Network Topologies: Multistage Networks
Switches
Omega Network
Network Topologies: Completely Connected Network
Tree Properties
• The distance between any two nodes is no more than 2logp.
• Links higher up the tree potentially carry more traffic than those at the lower
levels.
• For this reason, a variant called a fat-tree, fattens the links as we go up the
tree.
• Trees can be laid out in 2D with no wire crossings. This is an attractive
property of trees.
Evaluating Interconnection Networks
• Diameter: The distance between the farthest two nodes in the network. The
diameter of a linear array is p − 1, that of a tree and hypercube is log p, and
that of a completely connected network is O(1).
• Bisection Width: The minimum number of wires you must cut to divide the
network into two equal parts. The bisection width of a linear array and tree is
1, that of a hypercube is p/2 and that of a completely connected network is
p2 /4.
• Cost: The number of links or switches (whichever is asymptotically higher)
is a meaningful measure of the cost. However, a number of other factors,
such as the ability to layout the network, the length of wires, etc., also factor
in to the cost.
6 IO Organization
Programmed I/O
Programmed I/O (PIO) refers to data transfers initiated by a CPU under driver software control
to access registers or memory on a device.
The CPU issues a command then waits for I/O operations to be complete. As the CPU is faster
than the I/O module, the problem with programmed I/O is that the CPU has to wait a long time
for the I/O module of concern to be ready for either reception or transmission of data. The CPU,
while waiting, must repeatedly check the status of the I/O module, and this process is known as
Polling. As a result, the level of the performance of the entire system is severely degraded.
Interrupt
The CPU issues commands to the I/O module then proceeds with its normal work until
interrupted by I/O device on completion of its work.

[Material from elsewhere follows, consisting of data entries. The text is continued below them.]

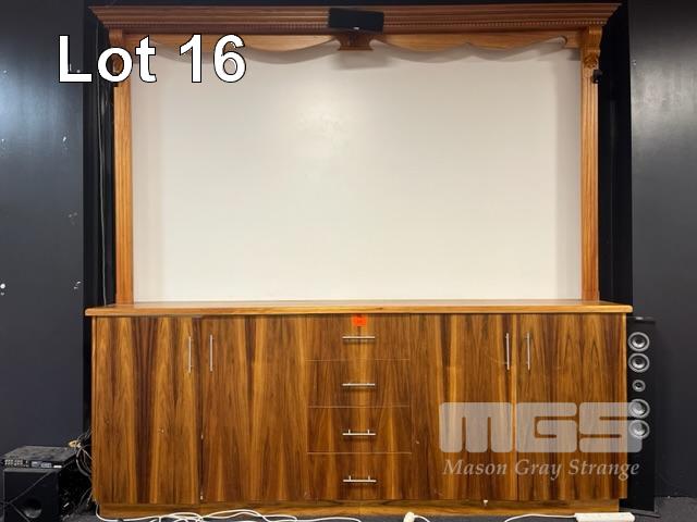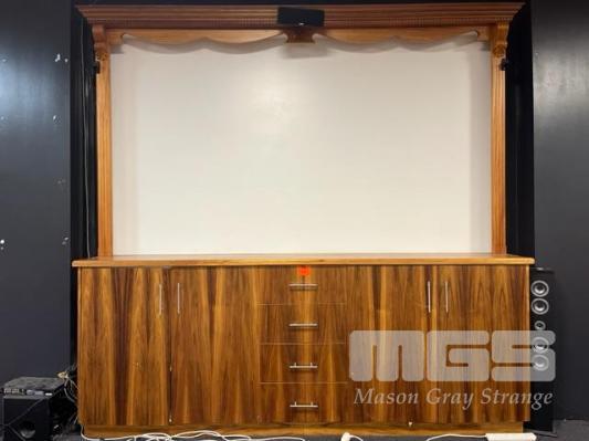 BROADVIEW FOOTBALL CLUB TIMBER PROJECTOR SCREEN, 2700 x 450 x 2650mm (H), 4 DRAWER, 4 DOOR, (BUYER TO REMOVE)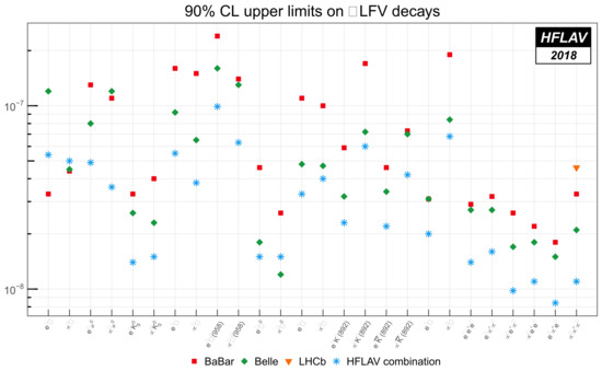 - Banerjee, S.; Chrząszcz, M.; Hayasaka, K.; Hayashii, H.; Lusiani, A.; Roney, M.; Shwartz, B. HFLAV-Tau 2018 Report. 2019. Available online: https://hflav.web.cern.ch/content/tau (accessed on 23 December 2021).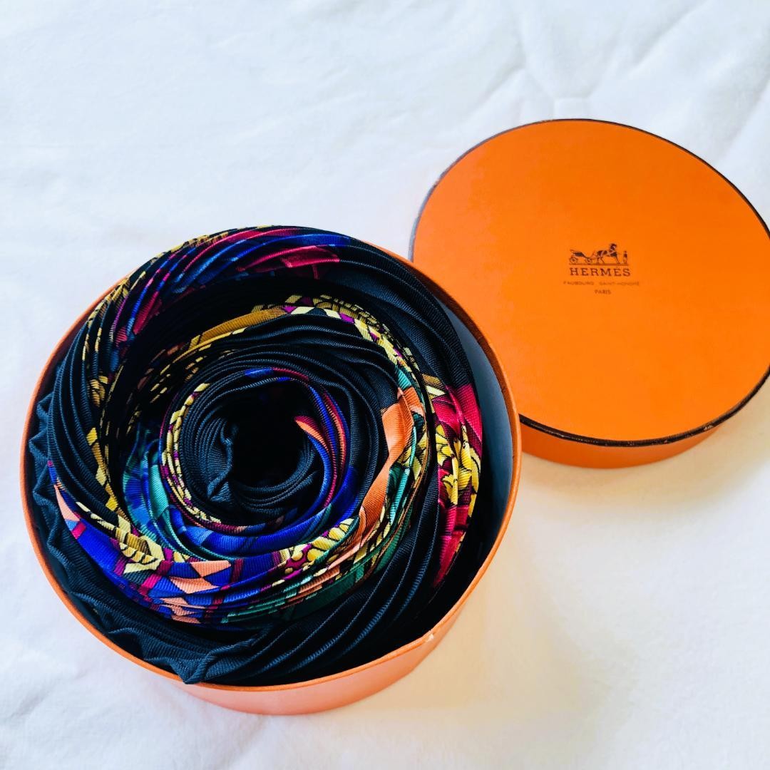 This Hermes scarf is absolutely stunning! The pleated design and horse ribbon detail give it such a luxurious, elegant look. The craftsmanship is impeccable, and the colors are vibrant. It arrived carefully packaged from Japan, and the seller was super responsive. Perfect for adding a chic touch to any outfit—definitely worth every penny!

For input, the device interrupts the CPU when new data has arrived and is ready to be retrieved
by the system processor. The actual actions to perform depend on whether the device uses I/O
ports, memory mapping.
For output, the device delivers an interrupt either when it is ready to accept new data or to
acknowledge a successful data transfer. Memory-mapped and DMA-capable devices usually
generate interrupts to tell the system they are done with the buffer.

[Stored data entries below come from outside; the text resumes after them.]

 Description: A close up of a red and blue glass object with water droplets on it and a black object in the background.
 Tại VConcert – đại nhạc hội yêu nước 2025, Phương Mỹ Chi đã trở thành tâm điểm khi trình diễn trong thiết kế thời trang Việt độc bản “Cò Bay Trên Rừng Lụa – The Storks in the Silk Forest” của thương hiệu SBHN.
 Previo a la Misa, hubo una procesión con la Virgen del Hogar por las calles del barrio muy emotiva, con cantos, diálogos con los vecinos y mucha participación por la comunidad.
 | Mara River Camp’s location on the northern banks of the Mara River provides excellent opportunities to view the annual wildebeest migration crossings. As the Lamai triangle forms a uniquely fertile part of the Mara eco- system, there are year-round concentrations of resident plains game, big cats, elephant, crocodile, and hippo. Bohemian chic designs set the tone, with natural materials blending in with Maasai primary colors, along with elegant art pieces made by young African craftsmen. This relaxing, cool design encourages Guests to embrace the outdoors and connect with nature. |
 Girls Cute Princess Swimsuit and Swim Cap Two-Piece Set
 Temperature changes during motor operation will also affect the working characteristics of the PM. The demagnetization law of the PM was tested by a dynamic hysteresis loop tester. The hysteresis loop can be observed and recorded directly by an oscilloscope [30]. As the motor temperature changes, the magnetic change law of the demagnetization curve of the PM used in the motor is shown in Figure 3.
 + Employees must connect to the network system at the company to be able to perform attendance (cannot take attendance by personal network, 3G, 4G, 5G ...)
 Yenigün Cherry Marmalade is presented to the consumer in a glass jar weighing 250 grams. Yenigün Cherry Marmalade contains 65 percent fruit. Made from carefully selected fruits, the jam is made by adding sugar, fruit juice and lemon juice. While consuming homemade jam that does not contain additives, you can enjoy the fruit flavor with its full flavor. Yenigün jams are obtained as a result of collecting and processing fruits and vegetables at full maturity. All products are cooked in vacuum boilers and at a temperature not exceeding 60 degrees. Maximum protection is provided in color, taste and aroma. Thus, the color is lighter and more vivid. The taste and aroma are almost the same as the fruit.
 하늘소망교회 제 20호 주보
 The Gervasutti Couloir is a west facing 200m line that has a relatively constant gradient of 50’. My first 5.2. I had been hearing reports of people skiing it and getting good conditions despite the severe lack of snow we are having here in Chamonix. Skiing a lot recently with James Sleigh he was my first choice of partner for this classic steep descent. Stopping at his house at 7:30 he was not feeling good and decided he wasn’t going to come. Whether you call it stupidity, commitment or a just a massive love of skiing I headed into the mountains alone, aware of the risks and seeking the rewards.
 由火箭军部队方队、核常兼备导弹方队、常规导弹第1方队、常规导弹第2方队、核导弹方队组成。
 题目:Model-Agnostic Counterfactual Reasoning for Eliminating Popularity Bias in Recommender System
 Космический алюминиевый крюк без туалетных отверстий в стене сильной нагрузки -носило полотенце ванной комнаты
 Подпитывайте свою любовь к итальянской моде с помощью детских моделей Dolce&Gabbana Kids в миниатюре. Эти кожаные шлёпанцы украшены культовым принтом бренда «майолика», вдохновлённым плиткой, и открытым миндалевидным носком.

Although Interrupt relieves the CPU of having to wait for the devices, but it is still inefficient in
data transfer of large amount because the CPU has to transfer the data word by word between I/O
module and memory.
Direct Memory Access (DMA) means CPU grants I/O module authority to read from or write to
memory without involvement. DMA module controls exchange of data between main memory
and the I/O device. Because of DMA device can transfer data directly to and from memory,
rather than using the CPU as an intermediary, and can thus relieve congestion on the bus. CPU is
only involved at the beginning and end of the transfer and interrupted only after entire block has
been transferred.
Direct Memory Access needs a special hardware called DMA controller (DMAC) that manages
the data transfers and arbitrates access to the system bus. The controllers are programmed with
source and destination pointers (where to read/write the data), counters to track the number of
transferred bytes, and settings, which includes I/O and memory types, interrupts and states for
the CPU cycles.
DMA increases system concurrency by allowing the CPU to perform tasks while the DMA
system transfers data via the system and memory busses. Hardware design is complicated
because the DMA controller must be integrated into the system, and the system must allow the
DMA controller to be a bus master. Cycle stealing may also be necessary to allow the CPU and
DMA controller to share use of the memory bus.